Task instructions ▸ Which lines run from the start of the material below through the line containing "活动中,科技处副主任、普外科"? Retype them exactly, pictures excluded.

Data to process ▸
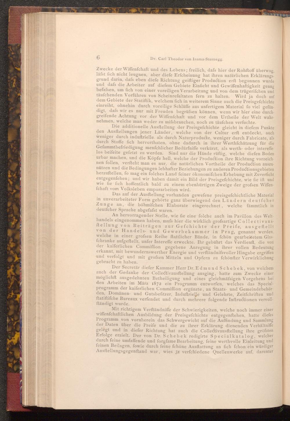 Mit richtigem Verſtändniffe der Schwierigkeiten, welche noch immer einer wiffenfchaftlichen Ausbildung der Preisgefchichte entgegenftehen, hatte diefes Programm von vornherein das Schwergewicht auf die Auffindung und Sammlung der Daten über die Preife und die zu ihrer Erklärung dienenden Verhältniffe gelegt und in diefer Richtung hat auch die Collectivausftellung ihre gröfsten Erfolge erzielt. Der von Dr. Schebek redigirte Specialkatalog, welcher durch feine umfaffende und forgfame Bearbeitung, feine werthvolle Einleitung und feinen Beilagen, fowie durch feine fchöne Ausftattung an fich fchon ein würdiger Ausftellungsgegenstand war, wies 31 verfchiedene Quellenwerke auf, darunter
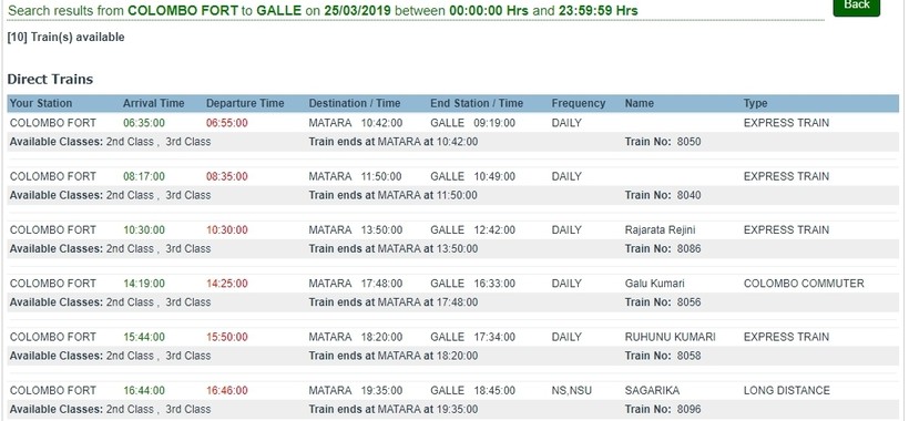 График доступен на веб-странице железной дороги Шри-Ланки. Ехать таким транспортом придется 3–3,5 часа. Стартуют поезда с железнодорожного вокзала Fort.
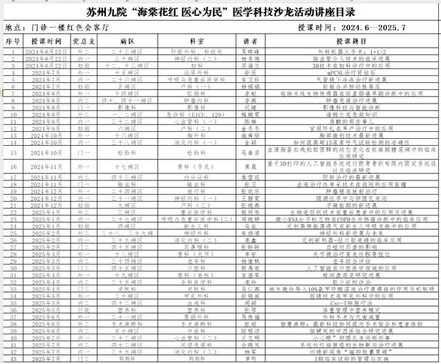 活动中,科技处副主任、普外科副主任医师吴晔峰作题为《外科机器人手术:1+1>2》的讲座;神经内科副主任医师杨秀艳作题为《脑血管介入技术的临床进展》的讲座;妇科主治医师苏海兰作题为《3D技术在妇科诊疗中的应用》的讲座;党政办主任宁志强和教育处主任管学妹分别围绕融入式党建工作和实习生培养工作提出意见建议。
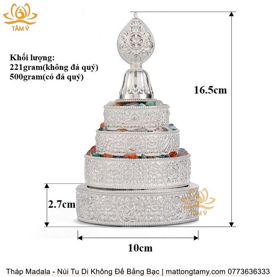 Tháp Madala - Núi Tu Di Không Đế, Bằng Bạc Nguyên Chất, Thiết Kế Sang Trọng TMDL50
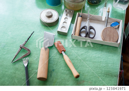 レザークラフトの道具と茶色の革 革細工
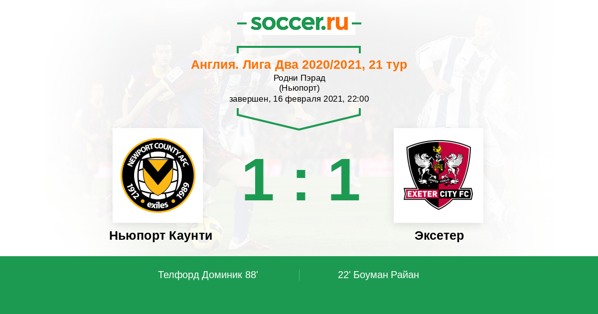 Протокол матча Ньюпорт Каунти против Эксетер

Response ▸
 Mit richtigem Verſtändniffe der Schwierigkeiten, welche noch immer einer wiffenfchaftlichen Ausbildung der Preisgefchichte entgegenftehen, hatte diefes Programm von vornherein das Schwergewicht auf die Auffindung und Sammlung der Daten über die Preife und die zu ihrer Erklärung dienenden Verhältniffe gelegt und in diefer Richtung hat auch die Collectivausftellung ihre gröfsten Erfolge erzielt. Der von Dr. Schebek redigirte Specialkatalog, welcher durch feine umfaffende und forgfame Bearbeitung, feine werthvolle Einleitung und feinen Beilagen, fowie durch feine fchöne Ausftattung an fich fchon ein würdiger Ausftellungsgegenstand war, wies 31 verfchiedene Quellenwerke auf, darunter
 График доступен на веб-странице железной дороги Шри-Ланки. Ехать таким транспортом придется 3–3,5 часа. Стартуют поезда с железнодорожного вокзала Fort.
 活动中,科技处副主任、普外科副主任医师吴晔峰作题为《外科机器人手术:1+1>2》的讲座;神经内科副主任医师杨秀艳作题为《脑血管介入技术的临床进展》的讲座;妇科主治医师苏海兰作题为《3D技术在妇科诊疗中的应用》的讲座;党政办主任宁志强和教育处主任管学妹分别围绕融入式党建工作和实习生培养工作提出意见建议。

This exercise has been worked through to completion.